Police confront native Brazilians to prevent them from marching towards the Mane Garrincha soccer stadium during a demonstration in Brasilia May 27, 2014.

Around 400 people of different native Brazilian ethnicities rallied outside the Justice Ministry in the capital on Thursday, to protest against legislation planned for the FIFA World Cup 2014 which will shrink their reservations.

In images shown by the Globo TV network, demonstrators wearing tribal markings and headdresses carried bows and arrows outside the building in the capital.

While the activists temporarily blocked the four entrances to the ministry in an attempt to gain the attention of Justice Minister Eduardo Cardozo, the demonstration was peaceful, Sgt.

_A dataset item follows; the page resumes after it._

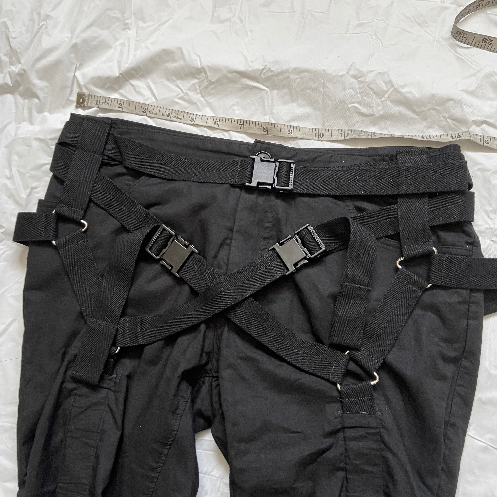 An astonishing pair from classic junya bondage designs, back to 2003 when y2k is in full bloom and junya decided to put one of the sassiest runways ever, 1800s milkmaids going parachute, introducing pastel colours with not often associated parachute bondage elements, the runway looks fun and cozy at the same time. Buckles, metal rings and straps all over. These do have front pockets. You can adjust most strap lengths
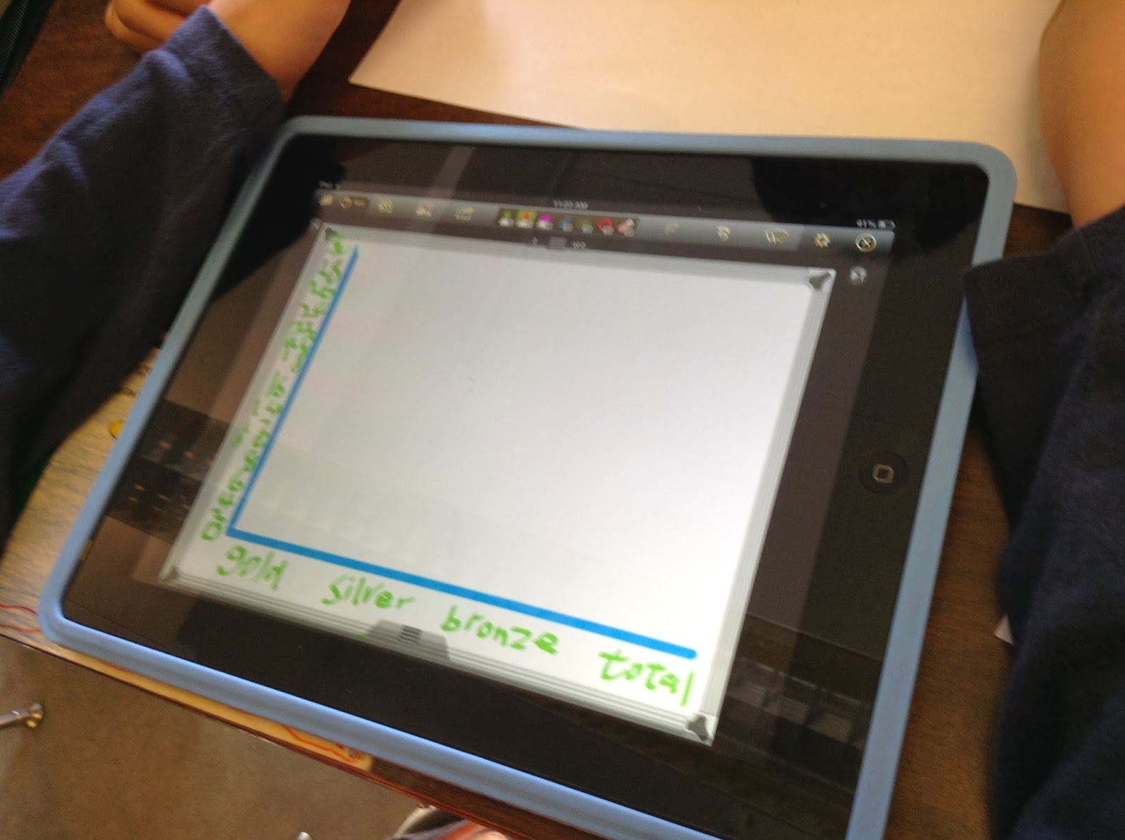 I moved on to Andrew’s grade 7 class and worked through a similar process with the intention of moving to multiplication with decimal numbers. This is where the student’s question came up as I moved from table to table. I took a few seconds to pause and calmly answered.

Daniel Barroso, a spokesman for the Brasilia police department confirmed.

The action was the second this week in the capital Brasilia by indigenous the population, and comes weeks before the Fifa World Cup begins on 12 June.

On Tuesday, the same group had armed themselves with bows and fired a few arrows at police officers mounted on horses - one of which hit an officer in the leg.

Two protesters were also injured, according to Globo, but the exact details of the incident or their condition after were unclear.

The clashes caused the cancellation of a ceremony just outside the new stadium where the football tournament will be hosted, and where the World Cup trophy was to be exhibited.

Demonstrators rallying against the expense of the tournament joined the indigenous protesters on Tuesday. They voiced concerns that the billions being spent on the tournament should have gone to improving Brazil's public services.

Brazil's President Dilma Rousseff has previously warned that the government will call in troops if necessary to prevent protests disrupting the football games next month.